Correlation prep and data handling guidance (context for the assignment):
- You will perform two correlations using four variables total.
- When calculating correlations, you must ensure that each pair of variables is complete for the observations you include (i.e., you must have data for both variables in the pair for a given participant).
- If a participant has an impossible score for one variable involved in a correlation, you should exclude that participant’s data for that correlation by removing both variables’ values for that observation (i.e., you keep other variables intact, but the pair used for the correlation should be complete).
Final notes for exam readiness:
- Practice identifying and interpreting z-scores, and reading z-tables for mean-to-z and z-to-tail percentages.
- Be comfortable converting between raw scores and z-scores using $X = \mu + z\sigma$ and $z = \dfrac{X - \mu}{\sigma}$ .
- Be able to compute a raw score corresponding to a high percentile (e.g., top 1%) using the appropriate z-value and the distribution parameters.
- Understand the data-cleaning workflow: identifying impossible values, determining plausible ranges, and applying a two-step cleaning approach for descriptive statistics vs. correlation analyses.
- Be able to outline a practical Excel workflow for cleaning data, creating scatter plots, and computing descriptive statistics (means, deviations, sum of squares, variance, and standard deviation).
Quick refresher on IQR (interquartile range) concept (from the related discussion):
- IQR = Q3 − Q1, where Q1 is the 25th percentile and Q3 is the 75th percentile.

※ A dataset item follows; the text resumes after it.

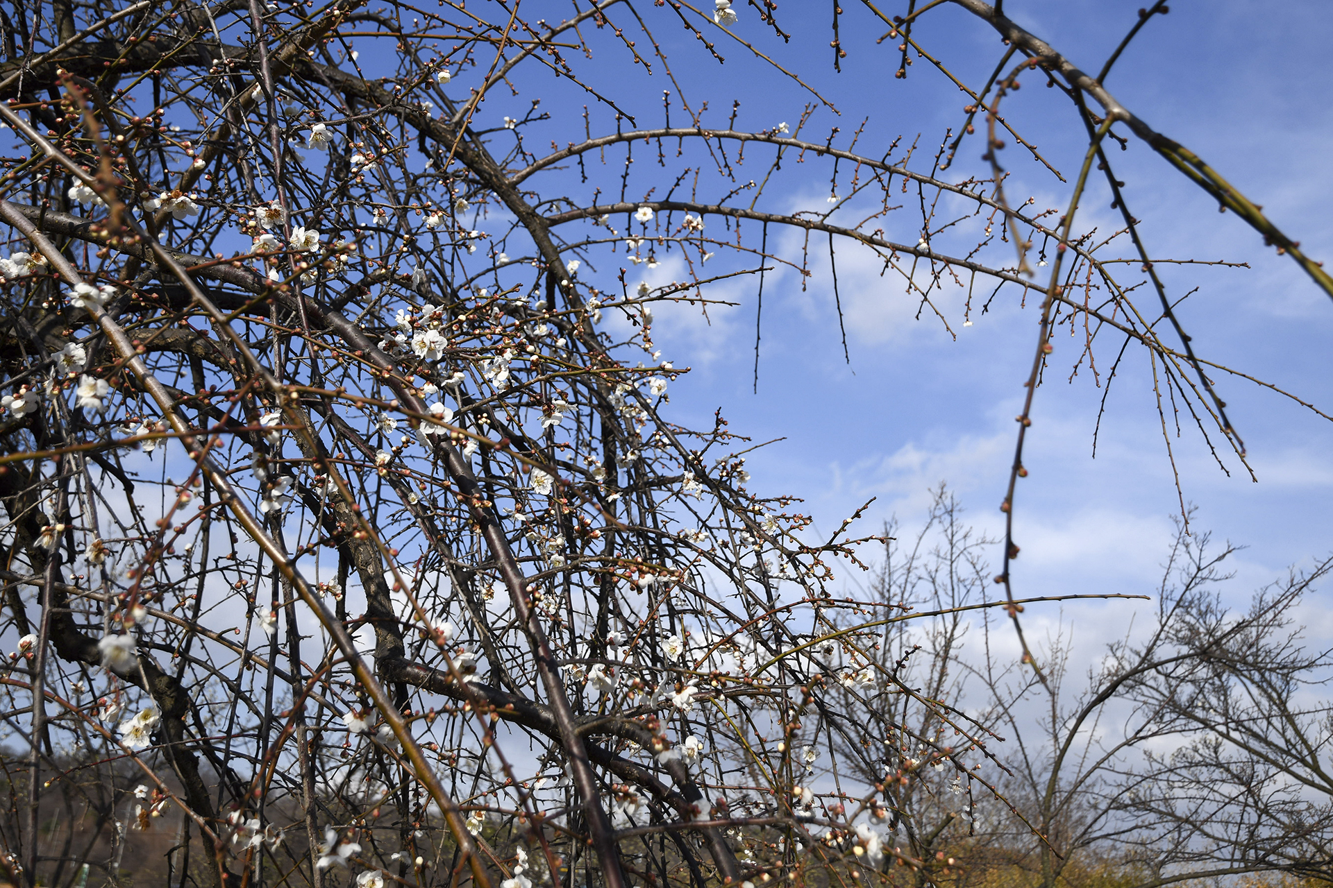 수양버들처럼 가지가 늘어지며 자라는 수양매화는 이미 꽃이 떨어진건지 풍성한 가지에 비해 남아있는 꽃봉오리가 너무 없다.

- When using Z-tables to approximate these quartiles for a normally distributed variable, you look for the z-values that correspond to 25% in the tails on either end (i.e., z ≈ ±0.674 for a standard normal).
- The lecture notes suggest using z ≈ ±0.68 as a practical approximation, giving an IQR-related span of about $2\times 0.68\,\sigma ≈ 1.36\,\sigma$ when you know the standard deviation. (Exact IQR depends on the data’s empirical quartiles, but this illustrates the idea of using symmetric tails.)
If you want to review further, download the Z-tables from Blackboard and work through the practice worksheets to build familiarity with the types of questions likely to appear on the final exam.